Usaha yang dibuka itu
mencakup bidang, antara lain jasa penunjang kesehatan, farmasi, pariwisata,
industri film, dan pengusahaan jalan tol. Menurut Menteri Koordinator Bidang
Perekonomian Darmin Nasution, perubahan kebijakan DNI merupakan yang terbesar dalam
10 tahun terakhir dan diharapkan dapat memberikan dampak yang besar bagi
pertumbuhan ekonomi Indonesia sehingga investasinya tidak turun.
Selain dengan dalih
pertumbuhan ekonomi, pencabutan DNI yang berakibat industri bisa dikuasai asing
tanpa ada batasan, diharapkan dapat meningkatkan kompetisi dan memberikan
dampak terhadap masyarakat. Di antaranya penurunan harga, misalnya, di bidang
industri bahan baku obat. Menurut Kepala BKPM Franky Sibarani, dengan dibuka
100 persen penanaman modal asing dalam industri bahan baku obat, maka harga
obat diharapkan menjadi lebih murah. Dia menambahkan sudah ada investor bidang
farmasi yang menyatakan minatnya, antara lain India, Korea, dan Cina.
Kebijakan ini mendapat
kritikan dari berbagai kalangan. Ekonom dari Universitas Sam Ratulangi Manado
Agus Tony Poputra, sebagaimana dikutip okezone.com (13/2/2016), menyatakan
paket kebijakan itu bisa menjauhkan dari kemandirian ekonomi, bahkan ke depan Indonesia
semakin terjajah secara ekonomi dan semakin banyak anak bangsa yang menjadi
budak asing di negeri sendiri.
Menurut Agus, ada
empat konsekuensi negatif dari investasi asing ini. Pertama, investasi asing
akan mengutamakan bahan baku impor terutama dari negara asalnya sehingga
terjadi aliran dana ke luar negeri dan nilai tambah domestik yang tidak besar.

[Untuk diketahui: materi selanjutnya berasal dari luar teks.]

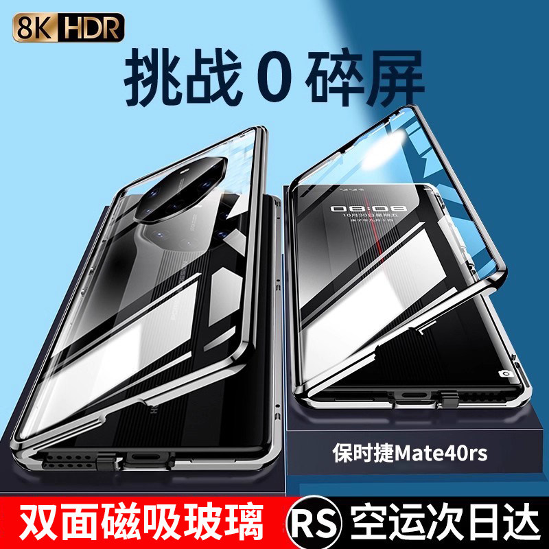 适用于华为保时捷mate40rs手机壳限量版sr防偷窥Porsche保护套全包防摔sr透明玻璃翻盖mt40rs磁吸meta男高级

Sebagai contoh, susahnya pemerintah membujuk Freeport untuk menggunakan produk
dalam negeri.
Kedua, bila investasi
asing memanfaatkan Indonesia sebagai pasar produknya, maka di masa mendatang
semakin banyak uang yang mengalir keluar dari Indonesia dalam bentuk dividen,
royalti, dan sebagainya, di luar bahan baku. Ini akan mempengaruhi likuiditas
perbankan serta cadangan devisa dalam negeri ke depan.
Ketiga, bila investasi
asing berorientasi ekspor, ini juga tidak terlalu memberikan dampak positif
yang besar terhadap likuiditas perbankan serta cadangan devisa dalam negeri.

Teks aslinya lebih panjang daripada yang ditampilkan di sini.